The analyses of robustness in the SWS indicate that differences in results from two similar cluster analyses may be due to a dichotomy of the prudent diet score at a different point, thus highlighting the relationship between results using the two techniques. Newby and Tucker (Newby and Tucker, 2004b
; Newby et al, 2004a
) also note there is evidence that underlying eating patterns are revealed by both principal component analysis and cluster analysis.

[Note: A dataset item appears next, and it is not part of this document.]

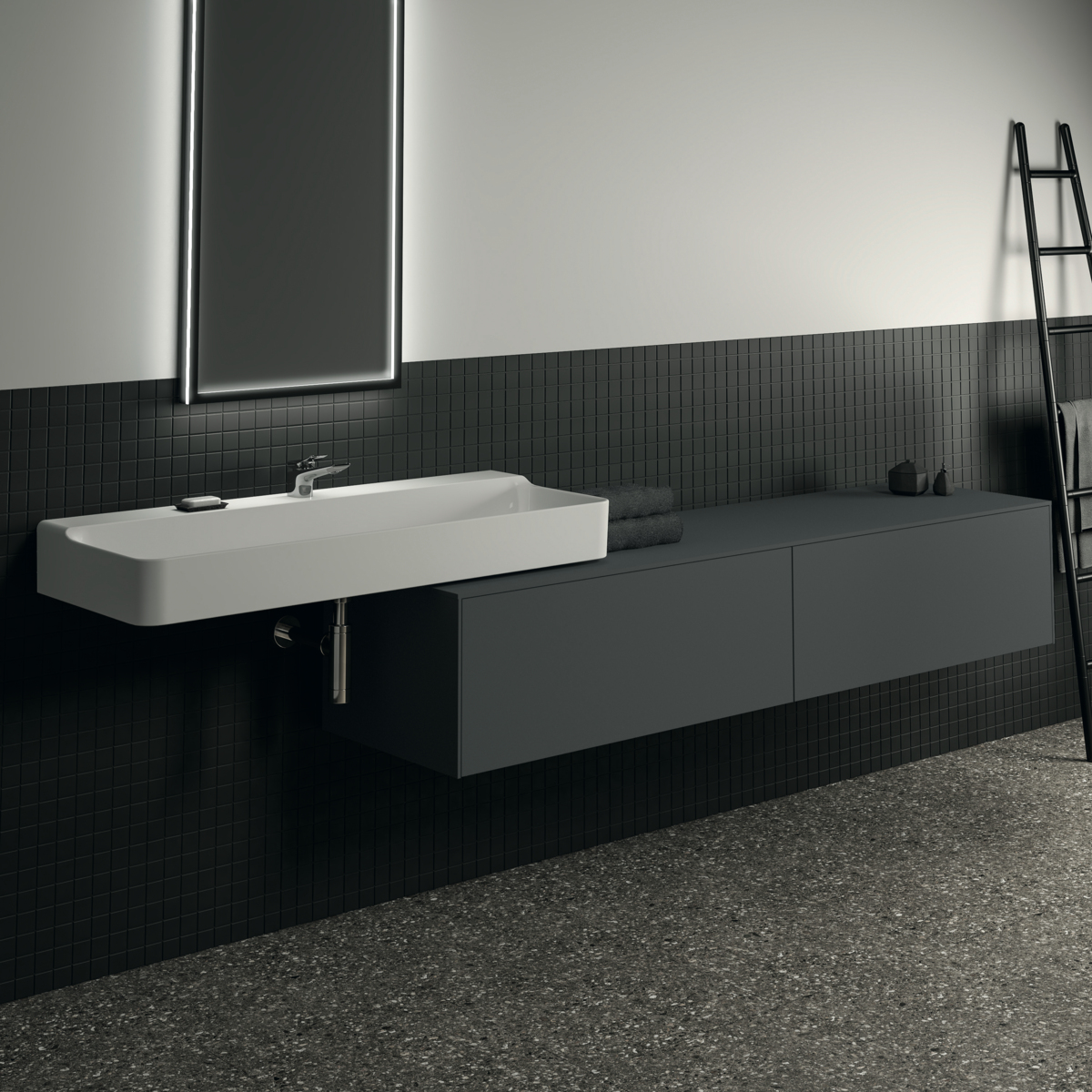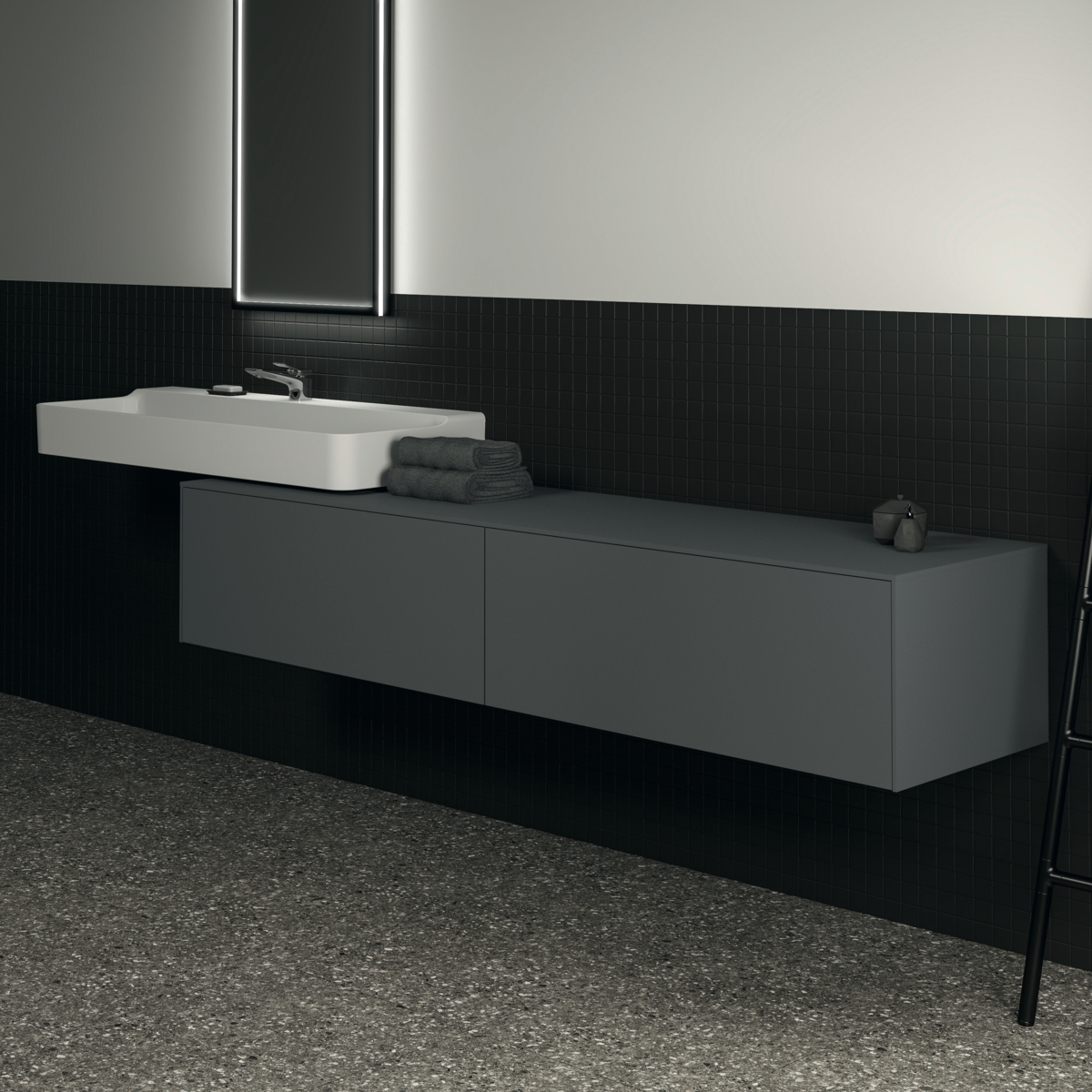 CONCA Тумба 200 см для раковины, без выреза в столешнице. Комбинированная система для удобного использования (открытие "Push to open" + закрытие "Soft close"). Внутренняя отделка ящиков цвета антрацит. 2 ящика. Для монтажа с раковинами Conca 40/50/60/80/100 см (с шлифованной нижней поверхностью) или Conca vessel 45/60 см или Extra 45/50/60/70/80/100 см (с шлифованной нижней поверхностью) или Extra vessel 50/60 см или Ipalyss vessel 40/55/60/65/80 см или Linda-X 50/60/75 см (с шлифованной нижней поверхностью) или Linda-X vessel 45/55 см

In the SWS the two cluster solution was clearly indicated. In this context, since the two techniques reveal similar patterns, the question of whether PCA or cluster analysis is preferable may be similar to that of a researcher with the choice to analyse body mass index as a continuous variable, or to use a cut-point to dichotomise it into an overweight and a not-overweight group. In many circumstances it may be less informative to use the dichotomous variable than the continuous variable in an analysis. A solution with more than two clusters could be more informative, but was not indicated as the most appropriate way of clustering the participants by a tree diagram. A continuous score resulting from PCA can be particularly useful, and characterising an individual’s diet using a continuous score might be considered a more pragmatic choice than assignment to one of a number of discrete categories. PCA also gives the opportunity to explore more than one dimension of variation in diet, such as the high-energy diet, which was not revealed by cluster analysis in this study. PCA appeared to be somewhat less sensitive to outliers and differing groupings of the foods, and the coefficients altered little when only half of the dataset was analysed.
All dietary pattern analysis techniques have a contribution to make and may reveal similar patterns. In the context of the SWS, PCA was seen to be particularly valuable as a general discriminatory tool. Other studies are needed to replicate these results, particularly the close association between the two-cluster solution and the prudent diet score. The robustness of PCA and cluster analysis, and their associations with other measures of diet, are important considerations when assessing the usefulness of each technique. With the development of robust, meaningful dietary pattern analysis techniques it should be possible to understand better the role of dietary patterns in health and disease.